運命のファイナルセット、相手のダブルフォールトやミスをきっかけに第3ゲームでブレークを獲得したアルカラスは、続く第4ゲームで計4本のブレークポイントを握られながらも気迫のセーブ。以降はアルカラスの緩急をうまく使ったショットが奏功し、第7ゲームでは優勝を大きく手繰り寄せるブレークを果たす。

迎えたサービング・フォー・ザ・チャンピオンシップではズベレフのミスが続いたことでアルカラスが順調にポイントを重ね、最後は相手のフォアハンドがネット。4時間19分でローランギャロスの頂点に立った。
この結果、アルカラスは21歳にして早くも全サーフェス(ハード、芝、クレー)での四大大会制覇を達成。
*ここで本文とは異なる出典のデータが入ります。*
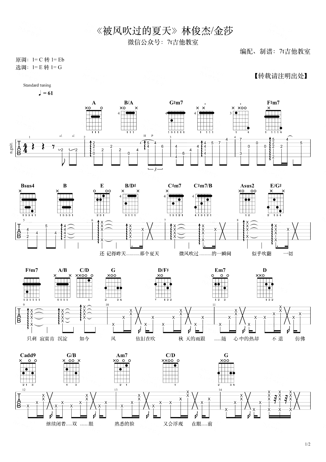 曲谱介绍: 《被风吹过的夏天》是由金莎和林俊杰合唱的歌曲。这首歌早已成为永远的经典,被粉丝誉为二人的“合情”之歌。如果在那青春懵懂年龄,唱着如此动人的情歌,也算见证了两人意义非凡的感情。 林俊杰/金莎《被风吹过的夏天》吉他谱,选用E转G调,原调C转bE调,随谱附弹唱示范视频,视频中为降半音调弦,然后夹1品弹唱,也就是标准调音。下方另外附本曲谱的PDF下载。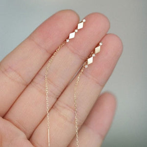 Our Earrings with Chain Through Ear are the epitome of contemporary chic. The chains elegantly thread through the earlobe, creating a striking visual effect that instantly elevates any ensemble. Whether you're dressing up for a night out or adding a touch of edge to your everyday look, these chain earrings are sure to make a statement.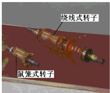 (1)鼠笼式转子:若去掉转子铁心,整个绕组的外形像一个鼠笼,故称笼型绕组。小型笼型电动机采用铸铝转子绕组,对于100KW以上的电动机采用铜条和铜端环焊接而成。如图1-6所示。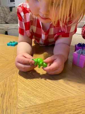 [This review was collected as part of a promotion.] I use this product in my speech therapy practice. I hide words and numbers inside the boxes, and when the kiddo opens it, he has to say the word as many times as the number says, so we get lots of repetitions. So far this has been very motivating to my kiddos, and I have been able to use this toy in many ways. The only thing I don't like about it is how hard the plastic presents are. Sometimes my kids throw them, and I'm afraid they will break. I would like them to be the softer plastic, like the little toys inside.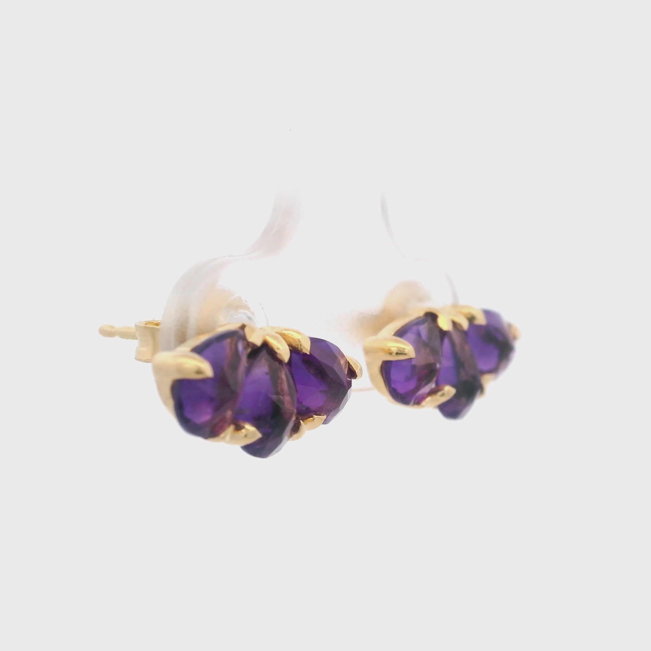 Diseño: Aretes colgantes (estilo "drop") compuestos por tres piedras de amatista que caen en secuencia, una debajo de la otra.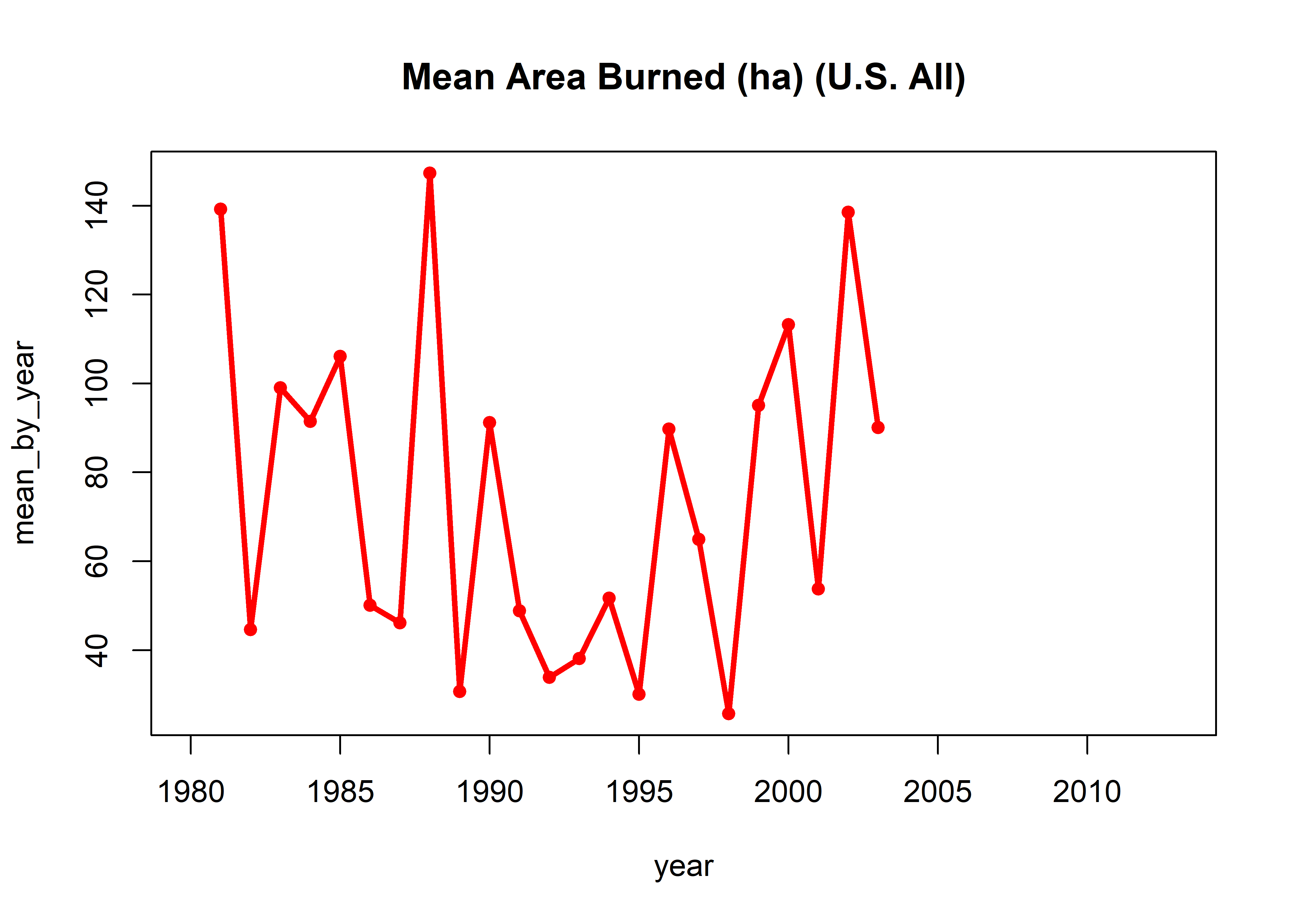 size.year <- na.omit(cbind(nifc$AREA,nifc$YEAR))
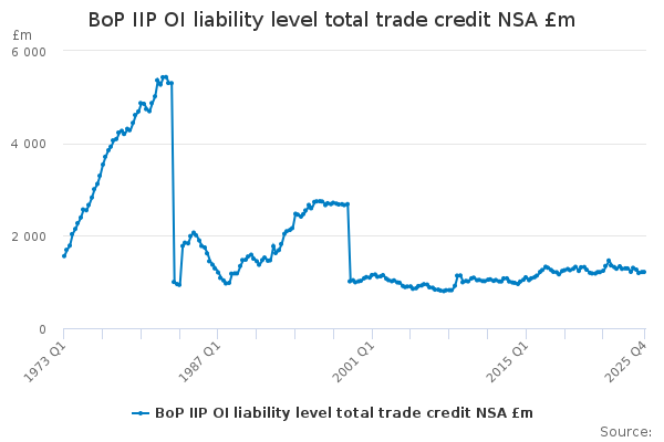 Download this time seriesBoP IIP OI liability level total trade credit NSA £m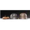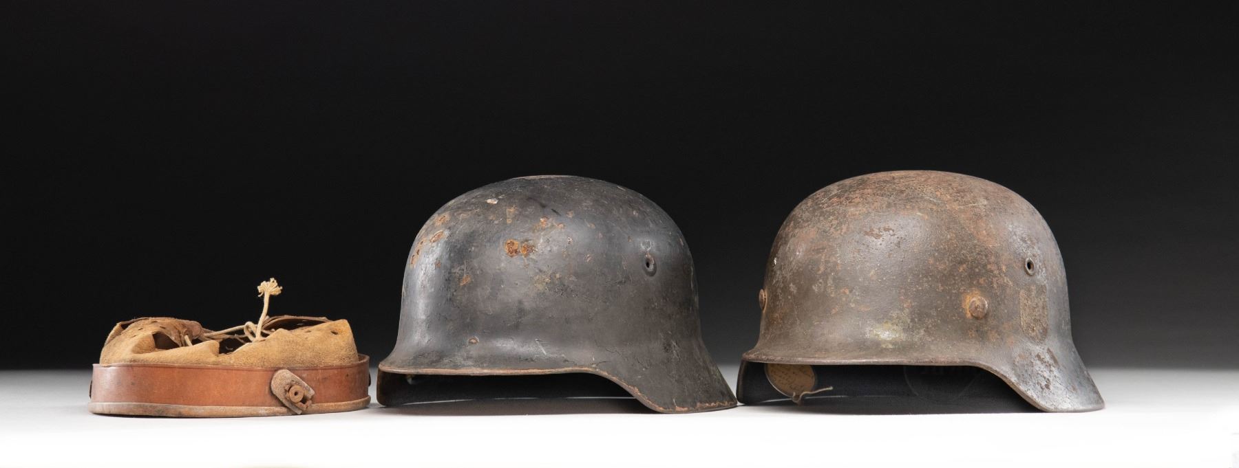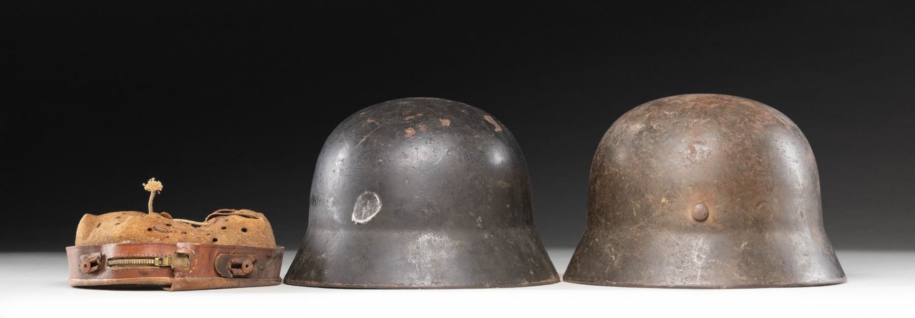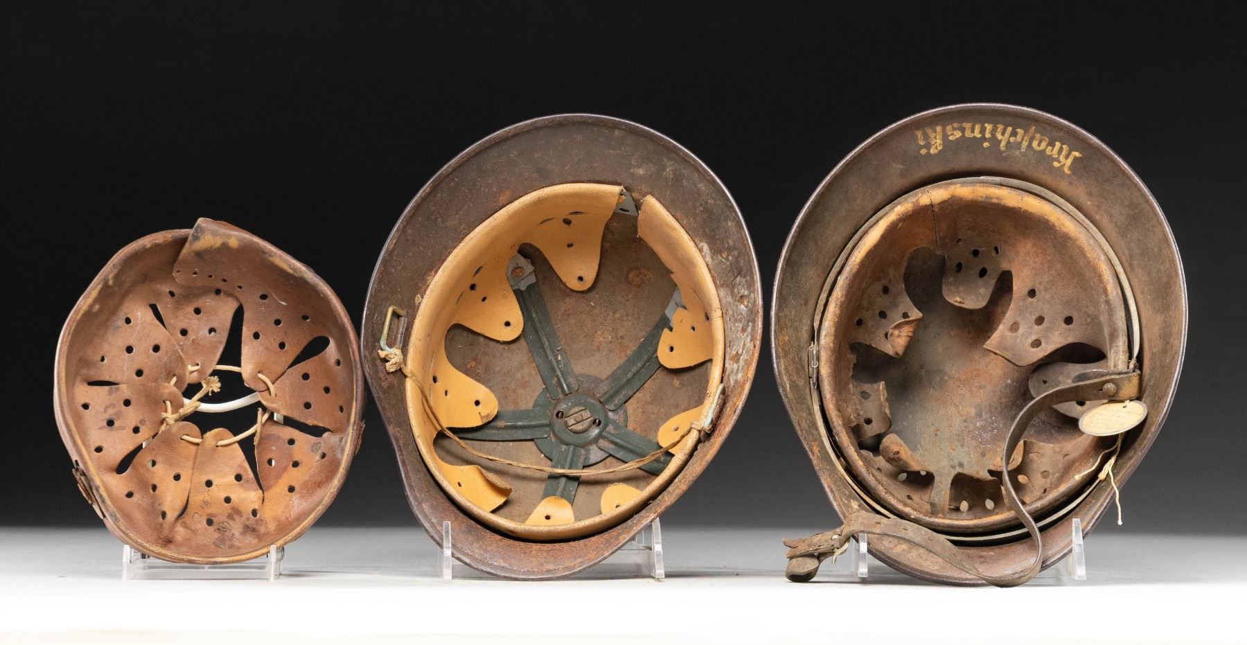 1) WWII German M1940 single decal Wehrmacht helmet with a dark green painted finish and a Wehrmacht eagle decal on the left side. The helmet is stamped on the inside rear "222_" and on the inside left "ET66". The name "Kraschinski" is written in white paint on the inside rear suggesting possibly a Ukranian or Belorussian volunteer; full liner and partial chinstrap. CONDITION: finish is about 60% and the decal is about 70%. The liner is quite dry and the chinstrap is broken on the left side. 2) An M1940 battle helmet with no decals and a dark gray/green finish. Possible post war liner and chinstrap links. No chinstrap. CONDITION: finish is 75-80% with an oxidized interior, liner shows light wear. 3) An original WWII German leather helmet liner. CONDITION: a bit dry but solid. (02-24220/BF). NON-GUN. $700-1,000.

これは22歳で同記録を打ち立てたナダルを抜く史上最年少での快挙だ。決勝戦後のメディア対応では、幼い頃からの夢だった全仏制覇を成し遂げたことへの喜びをこう語った。

「どの四大大会であっても初めての優勝は常に特別なことだ。その中でも全仏オープンは、過去に優勝したスペイン人選手全員を知っていることもあり、その素晴らしいリストに自分の名前が載ることになるから信じられない。5、6歳でテニスを始めた頃から、ここで頂点に立つことを夢見てきた。本当に最高の気分だ」

6月10日に更新されたランキングでは、3位から2位に浮上したアルカラス。昨年3月以来の1位返り咲きはもちろんだが、生涯グランドスラム(キャリアで全ての四大大会を制すこと)の偉業達成も、もうすぐ手の届くところまできているのだ。まずは連覇が懸かる今季3つ目の四大大会「ウインブルドン」(7月1日~14日/イギリス・ロンドン/芝)で果たせるか注目しよう。